<p>对两个答案都有一点反馈;这两种方法都不准确,因为他们选择关键点的方式</p>
<p>他们有效地将字典视为一个列表,如果您的数据是以这种方式设置的,您可能不需要字典(而是一个排序列表),则保留n个项目</p>
<p>关于<strong>选项2</strong></p>
<p>我敢打赌您正在执行这样的查找:</p>
<p><code>new_dict = {k:v for k,v in parent_dict.items() if k in selections}</code></p>
<p>在这种情况下,性能随着<code>len(selections)</code>的增加而降低;某种程度上缓解这种情况的一种方法是使用集合而不是列表进行选择;有效地<code>O(m*n)</code>(其中m是父目录的大小,n是选择的数量)</p>
<p><em>因为n上的循环并不总是需要在完整的n上循环,所以它可能更接近<code>O((n**2-n)/2)</code>,其中<code>(n**2-2)/2</code>是1和n之间所有数字的总和</em></p>
<p>另一方面,<strong>选项1</strong>中删除的循环是<code>O(2m-n)</code></p>
<p><em><code>O(m)</code>用于复制dict和<code>O(m-n)</code>用于删除键</em></p>
<p>有一些非普通的(我想到的是lodash)解决方案是高度优化的,可能会更快,但严格地看时间复杂度,似乎在现实的关键点选择中删除应该更快</p>
<p>哪个选项最好可能取决于<code>m</code>&<code>n</code></p>
<hr/>
<p><strong>我刚刚经历了一个金发碧眼的时刻,但我想把我的无知留给未来的任何路人</strong></p>
<p>您应该这样做:
<code>new_dict = {k: parent_dict[k] for k in selections}</code></p>
<p>您不必为复制dict支付<code>O(m)</code>罚款,向dict添加项目是<code>O(1)</code>,在选择上循环是<code>O(n)</code>,因此您在<code>O(2n)</code>上坐得很好,即<code>O(n)</code>我认为没有比这更快的了</p>
<hr/>
<p>好的,下面是代码:</p>
<pre><code>import random
import timeit
m = 3_000
n0 = 300
n1 = 600
trials = 10_000
def remove(parent_dict, kept_keys):
result = parent_dict.copy()
for key in parent_dict.keys():
if key not in kept_keys:
del result[key]
return result
def add_dict_comprehension(parent_dict, kept_keys):
return {k:v for k,v in parent_dict.items() if k in kept_keys}
def add_key_comprehension(parent_dict, kept_keys):
return {k:parent_dict[k] for k in kept_keys}
def add_dict_comprehension_set(parent_dict, kept_keys):
return {k:v for k,v in parent_dict.items() if k in kept_keys}
def generate_test_data(m, n0, n1):
parent_dict = {}
for key in range(m):
parent_dict[key] = 0
target_keys = random.sample(range(m), random.randint(n0, n1))

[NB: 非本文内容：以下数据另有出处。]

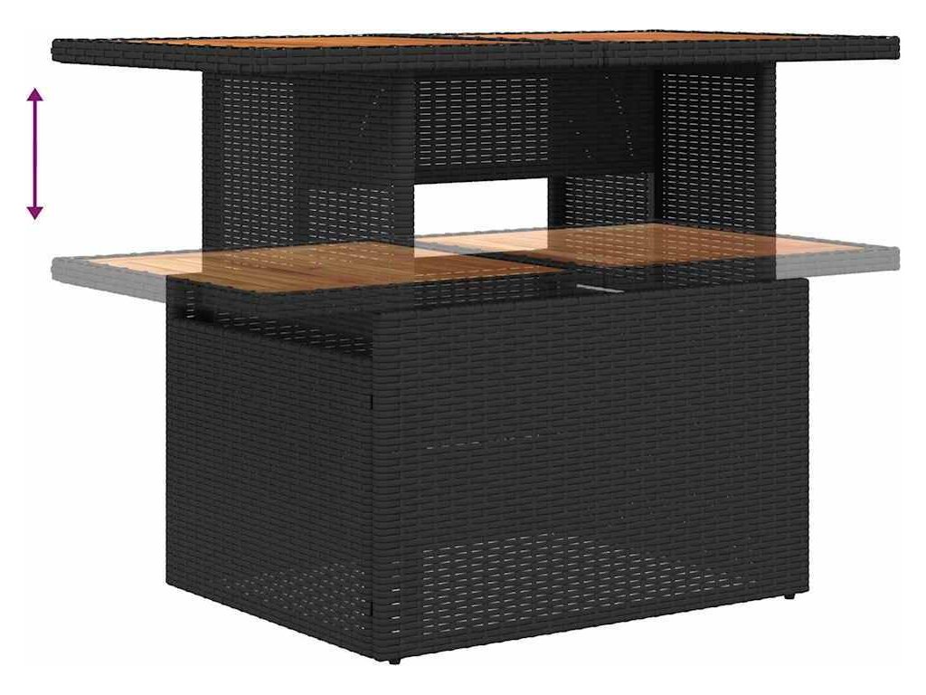 - Odolný materiál: Vyrobeno z kvalitního poly ratanu, co je známý svou pevností, set obsahuje práškově lakovanej ocelovej rám pro stabilní a dlouhotrvající konstrukci. Povrchy z masivního akáciovýho dřeva dodají přírodní, teplej pocit, ideálně se hodí do venkovního prostředí a zvládne i špatný počasí.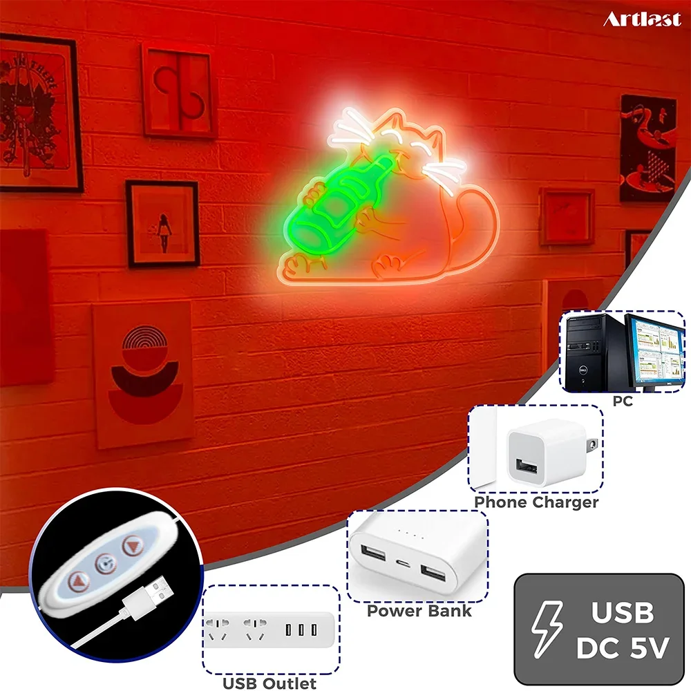 Cat Neon Sign LED Neon Light for Wall Decor Cute Cat Neon Sign Decor for Bedroom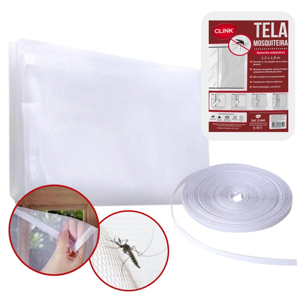 Tela Mosquiteiro Anti Inseto Fita Ajustável - 1,30x1,50 Mts

return parent_dict, target_keys
test_functions = {
'remove': (remove, lambda x: x),
'add_dict_comprehension': (add_dict_comprehension, lambda x: x),
'add_key_comprehension': (add_key_comprehension, lambda x: x),
'add_dict_comprehension_set': (add_dict_comprehension, lambda keys: set(keys)),
'remove_set': (remove, lambda keys: set(keys)),
}
results = {k:[] for k in test_functions.keys()}
for _ in range(trials):
parent_dict, target_keys = generate_test_data(m, n0, n1)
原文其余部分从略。